BAIER: Charles, on Medicare Advantage, basically it deals with cuts in Medicare and the specific supplemental program, there are a lot of Democrats that have a problem with these cuts, including Senator Bill Nelson from Florida, Ron Wyden from Oregon. It is going to be a tough sell to get this cut to happen.

KRAUTHAMMER: And the reason is that the president has said if you like what you have, you keep it. The problem is that, as you said, a quarter of seniors have this instead of the regular Medicare, and they like it.

A lot of them are poor, and the reason that they like it is it is a trade-off. There is a little bit of a restriction on who your doctor can be. However, you get benefits, and the poor that can't otherwise purchase it.

So the president has said on television on Sunday, they will make no difference if they take it away. Once again the CBO, impartial, rides in and shoots an arrow right through Obama's promise. It says that if you have Medicare advantage and it's abolished you will lose half of the benefits. So you are not going to keep what you have. That's the original sin of the Obama proposal. At the beginning, it said you're going to get a free lunch. We're going to expand the coverage at no cost. You cannot do it. Somebody has to pay, and here it is going to be seniors.

BAIER: The Congressional Budget Office, the CBO, has been a major factor throughout this entire thing. Steve, in today's testimony, the Senate chairman of that Finance Committee, Max Baucus, said we do have some new numbers from CBO but we're not going to talk about them publicly. I was shocked by that statement.

HAYES: It was pretty striking. And of course his staff was saying that he was joking. I think we will find out probably in the next 24 hours whether he actually was joking.

What is fascinating about this debate, and we have been talking about this debate for months — two things have remained the same. Democrats are fighting Democrats, and the main obstacles to comprehensive health care reform come from the president's own party. And two, the Congressional Budget Office has contradicted the president on his claims again and again and again, directed by, lead by Doug Elmendorf, somebody who was handpicked by the Democratic leaders in Congress.
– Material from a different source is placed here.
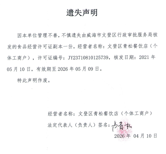 关于文登区青松餐饮店食品经营许可证副本的遗失声明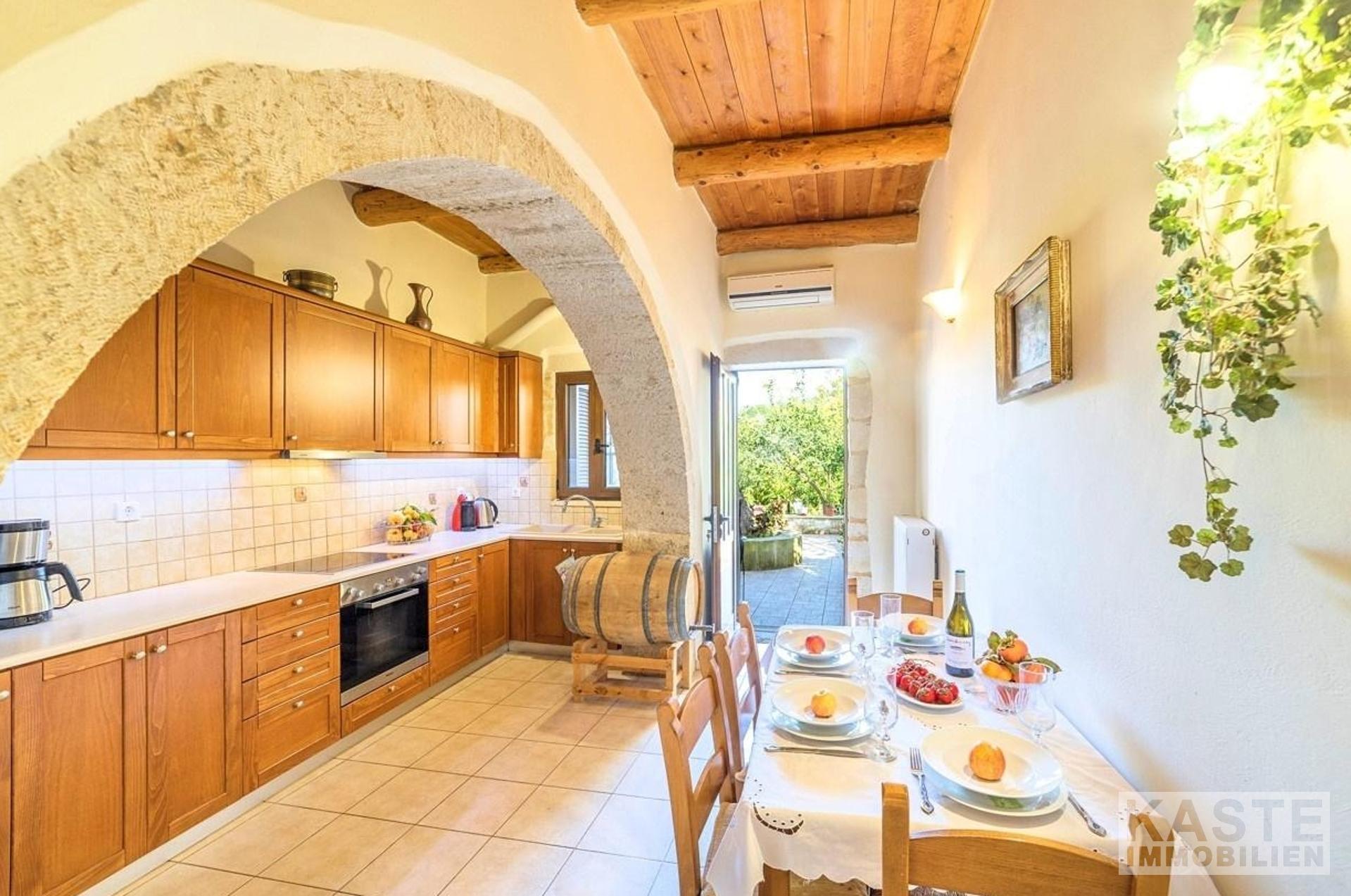 Interieur: Betreten Sie das Haus und lassen Sie sich von der nahtlosen Verbindung von modernem Komfort und traditioneller Ästhetik beeindrucken. Die Villa verfügt über geräumige und elegant gestaltete Zimmer, die sorgfältig den authentischen Charme der Gavalochori-Architektur bewahren. Freiliegende Holzbalken, steinerne Akzente und regionale Materialien schaffen eine Atmosphäre der Wärme und Authentizität im gesamten Haus.

So I think if you take a look at where we've gone — we're talking about different things. We're talking about the public option, we're talking about Medicare Advantage, the issue changes, but the political dynamics don't necessarily change. And one more thing that has to be said about the debate over are Medicare Advantage, seniors are the most skeptical group of healthcare reform overall and they're the ones who are paying the most attention to this debate. The fact that we're talking about Medicare Advantage, the fact that it will be the headline in newspapers tomorrow, is a huge problem for the White House.

BAIER: And A.B., it is a giant shell game as they try to figure out how to pay for it. And if you don't have that cut coming out, the Medicare advantage cut, you have to find $120 billion to make it deficit neutral so the president can sign it.

STODDARD: They have to find savings somewhere else. And I think the Democrats really have to look at the midterm elections of 2006 when two-thirds of the voters over 65 came.

They are coming back. Next year's election will be about an election of the angry, not of the happy. And they are going to pick a constituency to make mad, limit the deductions on the rich, cover less people, subsidize less coverage, and hit the poor. Hit someone. But hitting seniors will result in a sear serious loss for them next year.

BAIER: Last word, Charles.

KRAUTHAMMER: In the end, the program will fail because you cannot expand coverage at no cost. Somebody has to pay. If it's seniors, it will be devastating because, as you say, they vote. That's why I think it's not going to happen.